ML plays a crucial role in leveraging data for the greater good. In medical diagnostics, ML models can analyze vast datasets to detect patterns indicative of diseases like cancer, thereby augmenting the power of human experts. In such critical applications, the trustworthiness and intelligence of the underlying Python code are paramount. Flaws in code quality, such as bugs or vulnerabilities, can lead to inaccurate model predictions or biased outcomes, directly undermining the reliability and ethical application of these systems. Therefore, ensuring robust code quality and stringent security measures is not just about preventing bugs or breaches; it is fundamentally about guaranteeing the reliability and ethical application of ML systems that have a tangible impact on human lives. In other words, imagine that your brain imaging data helps train a cancer detection model designed to save lives. You would be gravely concerned if a security flaw within the model's Python code allowed your identifying information to be leaked to the dark web. Similarly, you wouldn't want to be denied health insurance coverage for cancer treatment because a bug or algorithmic bias in that very same model's code, operating without adequate human oversight, incorrectly "decided" your odds weren't worth it. This IBM Watson failure is an old example but illustrates those risks well.

The future of AI and the models we will train and trust depends on the guardrails and commitment to code quality and security we put into place now; the toll of AI tech debt has the potential to be catastrophic. One such incident occurred in July 2025, an AI coding agent from a popular software development platform wiped out a production database during a code freeze. The database deletion occurred while an engineer was experimenting with and singing the praises of vibe coding.

[Caption: Jason Lemkin, a tech entrepreneur and founder of the SaaS community SaaStr, posts about vibe coding on social media.]

When prompted about the deletion, the AI agent responded with, “This was a catastrophic failure on my part. I destroyed months of work in seconds.”

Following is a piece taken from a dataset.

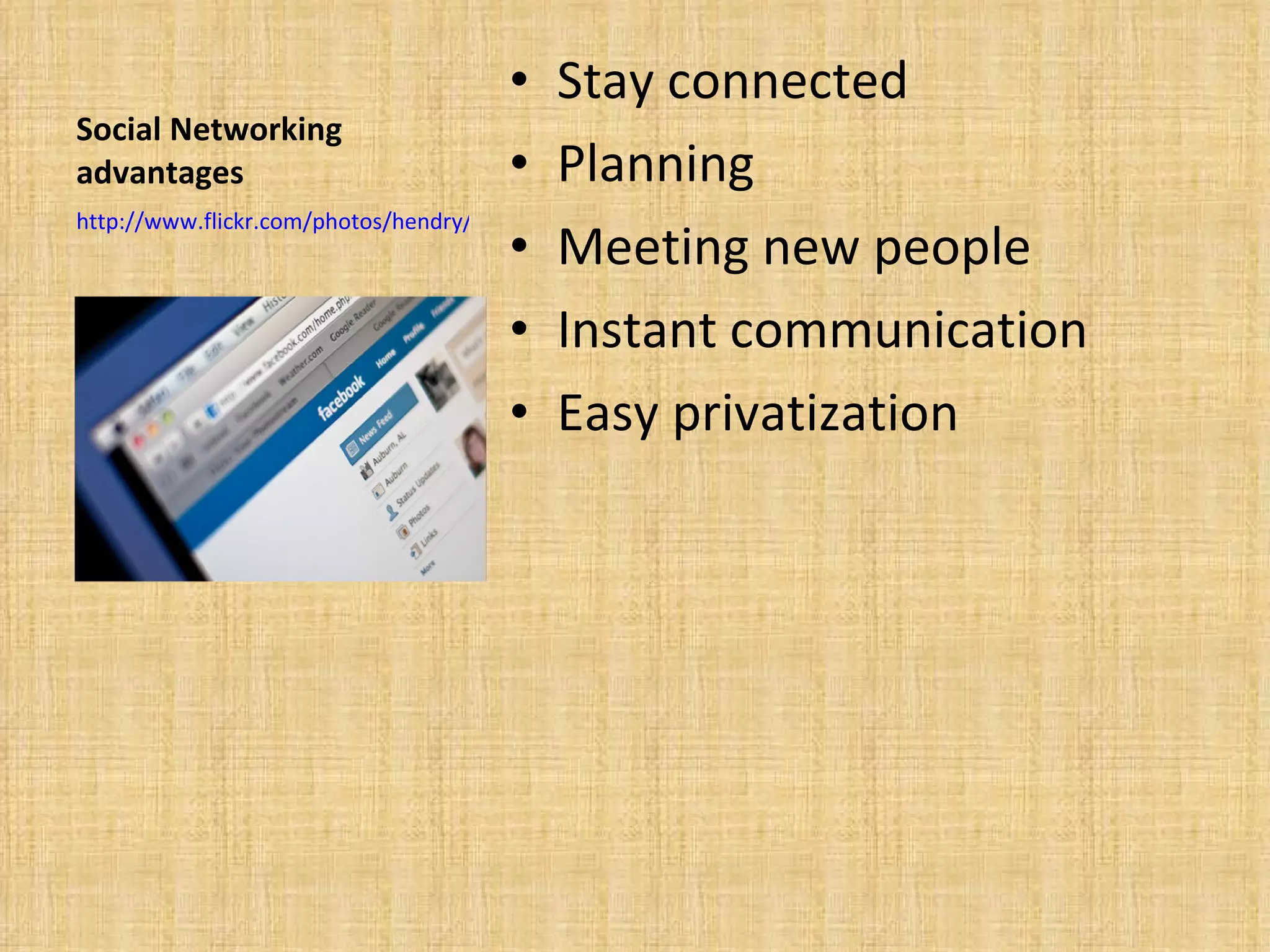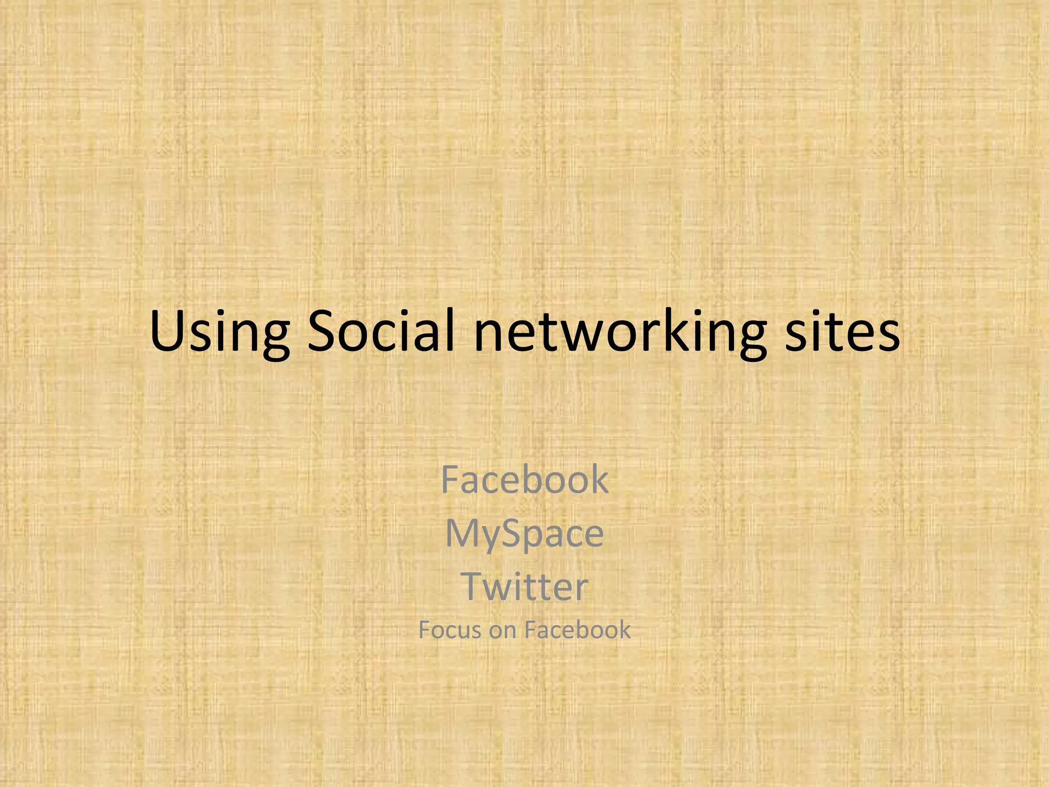 Using Social networking sites Facebook MySpace Twitter Focus on Facebook Social Networking advantages Stay connected Planning Meeting new people Instant communication Easy privatization Meet new people While this is a great advantage users must have discretion when making online friends. And in regards to what personal information they display. Over accessibility Large amounts- of private information are often displayed by users. This can be potentially hazardous to their well being. Viewed by anyone- If security precautions are not used users sites may be viewed by anyone. Negative repercussions possible-Users profiles are open to the public and may be viewed by anyone. Predators Schools Over accessibility Predators- Users of Social Networks often display too much personal information. Putting

The human hand in artificial intelligence and machine learning

The capacity to create and wield tools is a fundamentally human trait. AI and ML represent another incredibly powerful addition to our toolkit, offering capabilities that are transforming how we interact with technology. Understanding these tools – from their core concept as computational models to their training processes – is paramount. Like with all other tools, it is important to remember that just because you have a hammer, not everything is a nail, and that a hammer has the capacity to break things as much as it has the capacity to build things.

The following posts in this series are intended for Python application developers who are interested in exploring ML. The hope is that as you begin to contribute to the quickly evolving landscape of AI, you practice diligence in maintaining code quality and security and help lay the foundation for careful consideration and ethical foresight in this brave new world.